As it turns out, there is an error in the above code -- a TRUNC instruction was omitted righjt before the OR. This omission does not seem to have bothered anyone.
e)
Why not use an LIS instruction instead of the LIL instruction?
(0.5 points)
__LIS_R4,#10000000_would_load_-128_(a_negative_value)___________________
1/2 got this right. 1/4 earned no credit.
f)
Which registers are used for the parameter and result?
(0.5 points)
__R3_is_used_for_both___________________________________________________
1/2 got this right. Strangely, 1/6 said that R4 was also a parameter, perhaps because of the initial MOVECC instruction.
g)
Which registers are used for "local variables"?
(0.5 points)
__R4_and_R5_____________________________________________________________
1/3 got this right.
a)
What event sets the ready bit on an input device status register?
(0.5 points)
__New_input_is_available_in_the_input_data_register_____________________
1/7 got this. 1/2 earned no credit. Many students earned a slight penalty for saying "when the last action is complete." an answer that is so generic that it could as easily be an answer to part b).
b)
What event sets the ready bit on an output device status register?
(0.5 points)
__The_value_in_the_output_data_register_has_been_consumed_______________
Only 1/20 got this. 2/3 earned no credit. The remainder gave generic answers such as "when the last action is complete."
c)
What event resets the ready bit on an input device status register?
(0.5 points)
__Reading_the_input_data_register_______________________________________
1/5 got this right. 1/2 earned no credit. The vague answer "when the next action is started" earned a slight penalty, since it would apply equally to part d).
d)
What event resets the ready bit on an output device status register?
(0.5 points)
__Writing_new_data_in_the_putput_data_register__________________________
Only 1 got this right. 3/4 earned no credit. The remainder gave the generic "when the next action is started."
a) Write code to increment the saved program counter so it points to the next consecutive halfword. Use R3 and up as temporaries, if needed. (1 point)
_LOAD_ _R3,R2,svPC_
_ADDSI _R3,2_______
_STORE _R3,R2,svPC_
______ ____________
1/7 got this right. 1/4 earned no credit. The most common error earning partial credit involved adding 4 (a whole word) instead of 2 (a halfword). A common bit of nonsense among those who earned no credit was to try to get the instruction to which the saved program counter points, using EXTH. Nothing about this question suggests the need to do that.
All parts of this question were intimately related to MP6 and to HW11. Students who failed to pay adequate attention to those assignments were at a clear disadvantage here.

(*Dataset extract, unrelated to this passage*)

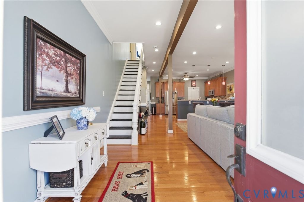 Nestled at the edge of Union Hill and Church Hill, two of Richmond's most historic and walkable neighborhoods, this stunning Jefferson Avenue home built in 1890, is the perfect balance of classical styling and modern updating. With its double front door, full length porch, tall front windows, and architectural nuances - this recently renovated - and absolutely move-in ready home offers the perfect blend of historic charm and vibrant city living. Upon entry to the home, you are greeted with a wide open Living + Dining + Kitchen layout that is both comfortable for everyday living and absolutely ideal for occasions when entertaining. Gorgeous hardwood floors lead you back to a spacious kitchen - featuring tons cabinetry, granite counters, stainless appliances, and a large walk-in pantry. At the back of the home, you will find a perfect space for your home office, gym, or gaming room. The main level also includes a powder room and access to parking and your outdoor living space. Once upstairs, and at the rear of the home, you will find a generous owners suite featuring a large walk-in closet, and an en suite with a double vanity, and an oversized tiled shower. Down the hall, there are 2 additional bedrooms with ample closet space, a hall laundry, and a full hall bath with double vanity - large enough for sharing. Once outside, take advantage of great outdoor living - enjoying evenings and weekends - grilling and lounging on the raised deck. Enjoy all of this plus the convenience of dedicated off street parking at the rear of the home - with courtyard access vs the commonly found narrow rear alley. Situated on the block between Jefferson Park and the Union Market - stop by today and see all that this home and great community have to offer. This is the one you have been waiting for - and with 1.5 to 2 years of Tax Abatement credit remaining!

b) Given that R3 contains a register number i, write code to increment the saved value of register Ri. Use R4 and up as temporaries, if you need them. (1.5 points)
_LEA__ _R4,R2,svPC_
_ADDSL _R3,R4,2____
_LOADS _R4,R2______
_ADDSI _R4,1_______
_STORES _R4,R2______
Only 1/20 got this right. 1/3 earned no credit. 1/7 left off all of the address computation code. 1/5 invented addressing modes that the Hawk does not have, for example, using the symbol Ri as a register number or using two index registers in one instruction.
_MOVE_ _R5,R3______ R4 R3
[aaa|bbb|ccc|ddd][eee|fff|ggg|hhh]
_SRU__ _R5,12______ / / / / / /
[bbb|ccc|ddd|eee][fff|ggg|hhh| 0 ]
_SRU__ _R5,12______
_SL___ _R3,8_______
_ADDSL _R4,R5,8____
______ ____________
1/10 got this right (most with longer solutions). 1/3 earned no credit.
1/7 earned significant partial credit but failed to notice that the Hawk
cannot do a 24-bit shift with just one instruction.
1/7 earned some partial credit by shifting both
R3 and R4 left 8 bits without doing anything to
carry the high bits of R3 into R4.
In general, those students who
gave a diagram showing the flow of data as suggested above did much better.